What's next for Jarvis 2.0?

The broad goal for Jarvis 2.0 is to provide a highly accessible daily aid. First, gesture tracking is an extremely powerful tool, and it would be amazing to be able to incorporate sign language to allow for even greater accessibility in interaction. It would challenge the way we interact with technology in our spaces, using language and movement in place of touch. We would like to consolidate the gesture tracking model and the LeapMotion into a small, portable device separate from the user’s local machine so that the quality of gesture prediction is not dependent on the user’s computational power. Implementing NLP would also further this goal for a number of reasons. It would allow for a truly hands free experience, not only increasing accessibility but also ease of use. Furthermore, integrating an audio visualizer along with NLP would create another dimension for visualizing this function and bringing more life to Jarvis 2.0.
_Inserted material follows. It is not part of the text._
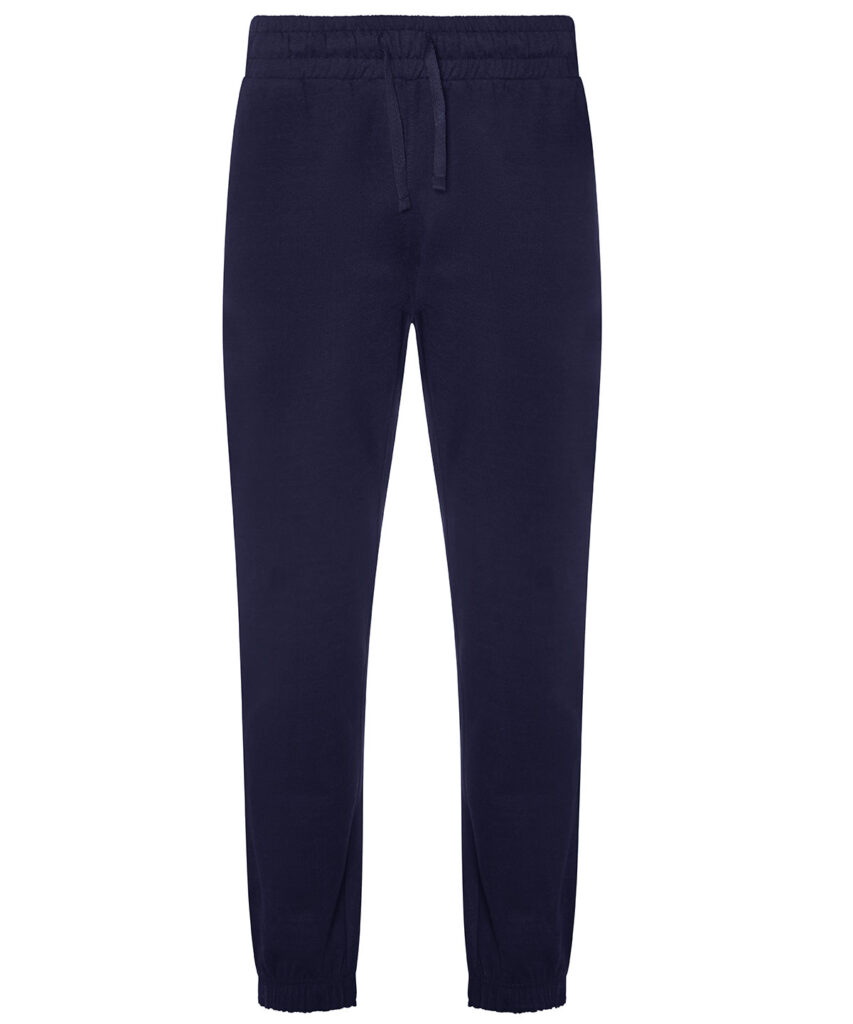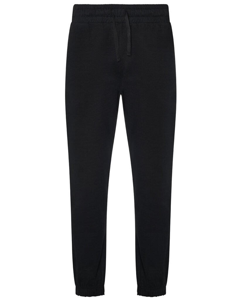 Relaxed unisex fit. 70% recycled cotton. Cuffed leg opening. Elasticated waist with DTM drawcords. Brushed inner fleece. Side pockets. Size tab only, for easy rebranding.

We would also like to expand the number of Jarvis 2.0’s widgets and add extra functionality to the widgets. For example, we could take advantage of the Spotify API’s more advanced features to allow our client to search for songs with a specific beat, feel, or timbre. For the Coronavirus widget, we plan on adding geographical information about the nearest testing centers and (in the future) vaccination facilities. We especially want to incorporate educational tools such as a digital whiteboard and slide presentation widget. With Jarvis 2.0’s hand tracking capabilities, educators would have the freedom to move around the classroom and engage on a more personal and dynamic level with students rather than remain confined to a single and generally distant location.